The two top candidates in Guatemala’s presidential race are headed for a runoff after tallies Monday revealed neither had secured enough votes to win the election. Otto Perez Molina, a retired army general who pledged to take a tough stand on crime, garnered the most votes in Sunday’s elections.
With almost all of the ballots counted Monday night, Perez Molina had 36% of votes — far short of the more than 50% needed to win outright. His closest competitor, businessman Manuel Baldizon, had 23% of votes, said Guatemala’s election authority.
Observers from the Organization of American States criticized Guatemalan election officials’ apparent disorganization and slow vote-counting after Sunday’s election, the state-run AGN news agency reported. The watchdogs said they hoped the process would improve in the second round of voting, scheduled for November 6.
Dealing with widespread violence and the growing threat of organized crime figured heavily in the campaigns of all 10 candidates vying for the presidency.

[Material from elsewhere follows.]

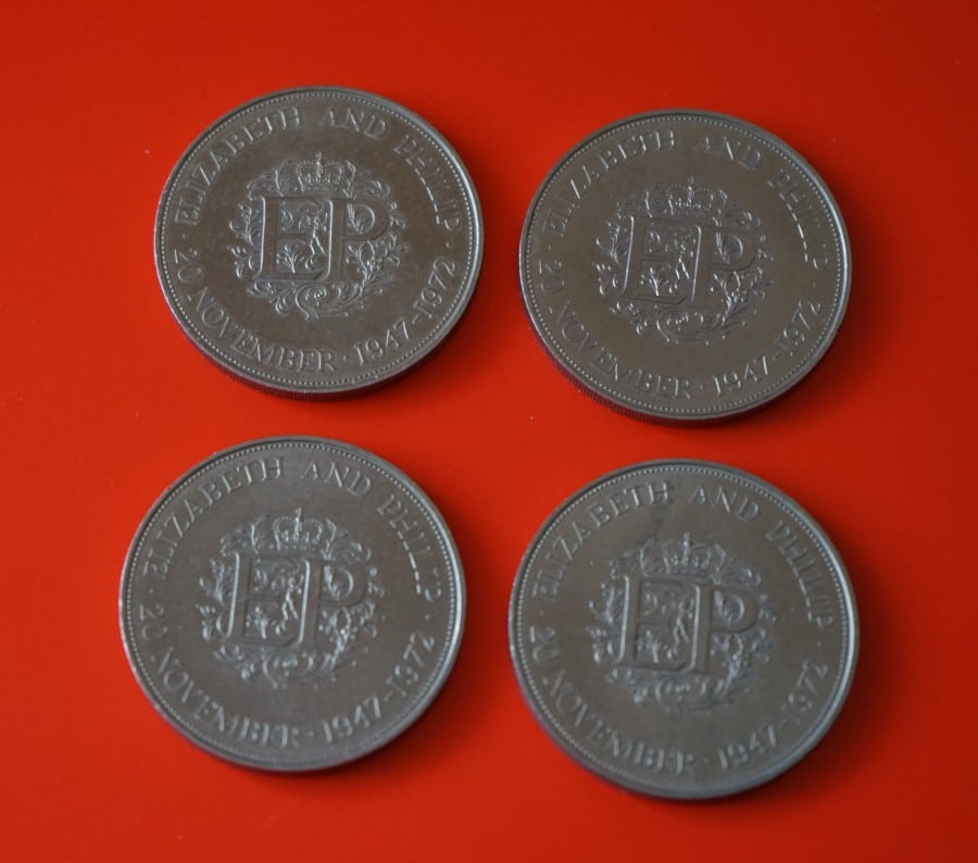 4 x QUEEN ELIZABETH AND PRINCE PHILIP SILVER WEDDING COMMEMORATIVE SILVER CROWN – 5 Shillings

Baldizon championed a crime-fighting plan called “Security Now!” Campaign posters for Perez Molina, who led in polls before Sunday’s election, featured a clenched fist. The 60-year-old retired general pledged to bring a “mano dura” — firm hand — to Guatemala’s highest office.
In a debate co-hosted by CNN en Español last month, Perez Molina called for “elite units of the army” to play a larger role in the nation’s battle against gangs and drug cartels.
But that proposed approach — and Perez Molina’s high rank in the military during Guatemala’s decades-long civil war — worries human rights groups both in Guatemala and abroad.